The European Data Forum (EDF) is a meeting place for industry, research, policymakers and community initiatives to discuss the challenges of Big Data and the emerging Data Economy and to develop suitable action plans for addressing these challenges. Of special focus within the EDF are Small and Medium-sized Enterprises (SMEs), since they are driving innovation and competition in many data-driven economic sectors. The range of topics discussed at the European Data Forum ranges from novel data-driven business models (e.g. data clearing houses), over technology innovations (e.g. Linked Data Web) to societal aspects (e.g. open governmental data as well as data privacy and security).

The volume of data being digitally stored and exchanged is growing exponentially. We are on the verge of an era where every device is online, ubiquitous sensors generate continuous streams of data, very high bandwidth data conduits expand to carry high definition media, and information complexity rises with richly annotated content. Major data sources are the internet of things and sensors that collect data about the physical space, as well as search engines, social media sites, eCommerce portals, open government data initiatives and other similar means that produce digital fingerprints of our social behaviour. In short, the sheer amount of data offered and consumed on the Internet will steadily increase by orders of magnitude.

Obviously, these data generate the potential for many new types of products and services. The accessibility of public services can be improved for open and linked data, smart traffic and cities can improve mobility, products can report their life cycles, monitoring their provenance and quality, social trends can be recognized and turned into services, and products can come closer to meeting consumers’ needs.

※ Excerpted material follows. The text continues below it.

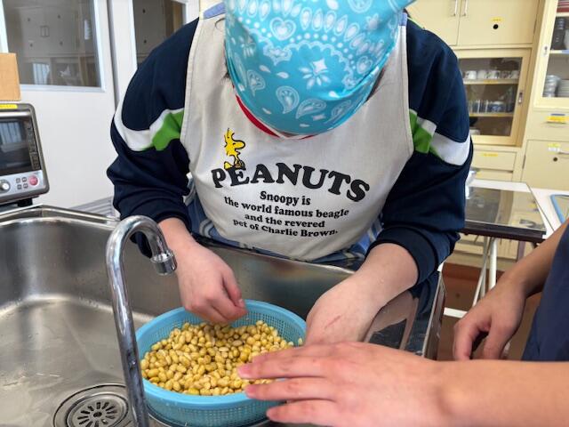 2月3日(火)、全国豆腐連合会 相原様より多くのアドバイスや資料をいただき、大豆から豆腐を作る作業学習を、丸一日かけて実施しました。
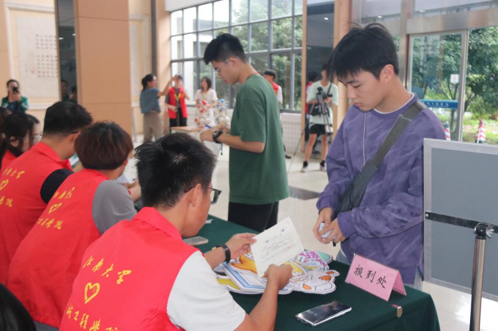 “机械学院的请来这边!”在橙园学生宿舍新生下车点,见一位best365网页版登录官方网站的新生和家长拖着4个行李箱,由高年级学长组成的志愿者忙撑着伞上前,帮助他们把行李搬上九楼,安放在寝室里。“整个报到流程非常顺利,我来报到时,辅导员和副班们也早早就在报到处等待大家,学长学姐非常热情,学院的安排很周到。”住在34号楼907寝室的新生石瀚文说,因为辅导员和副班几天前就在群里向新生详细讲解了现场报到的注意事项,他和室友都已经完成报到,顺利入住。每一次“搭把手”,暖心相助,让每一位机械人顺利入住新的“小家”。

We foresee a whole new industry implementing services on top of large data streams. The impact of this emerging economic sector - the data economy - may soon outrange the current importance of the software industry. The gist of the matter is to turn large streams of data into added value for the public and private sector. This industry can help to increase the efficiency of processes working with these data, it can provide transparency, support well-informed decision making, and enable new services not possible today (e.g., smart cities, interactive trend analysis or seamless data flows along value creation chains). Clearly, research, engineering, policy making for the Data Economy and the exploitation of the unprecedented wealth of data have become keys to the Future of Europe.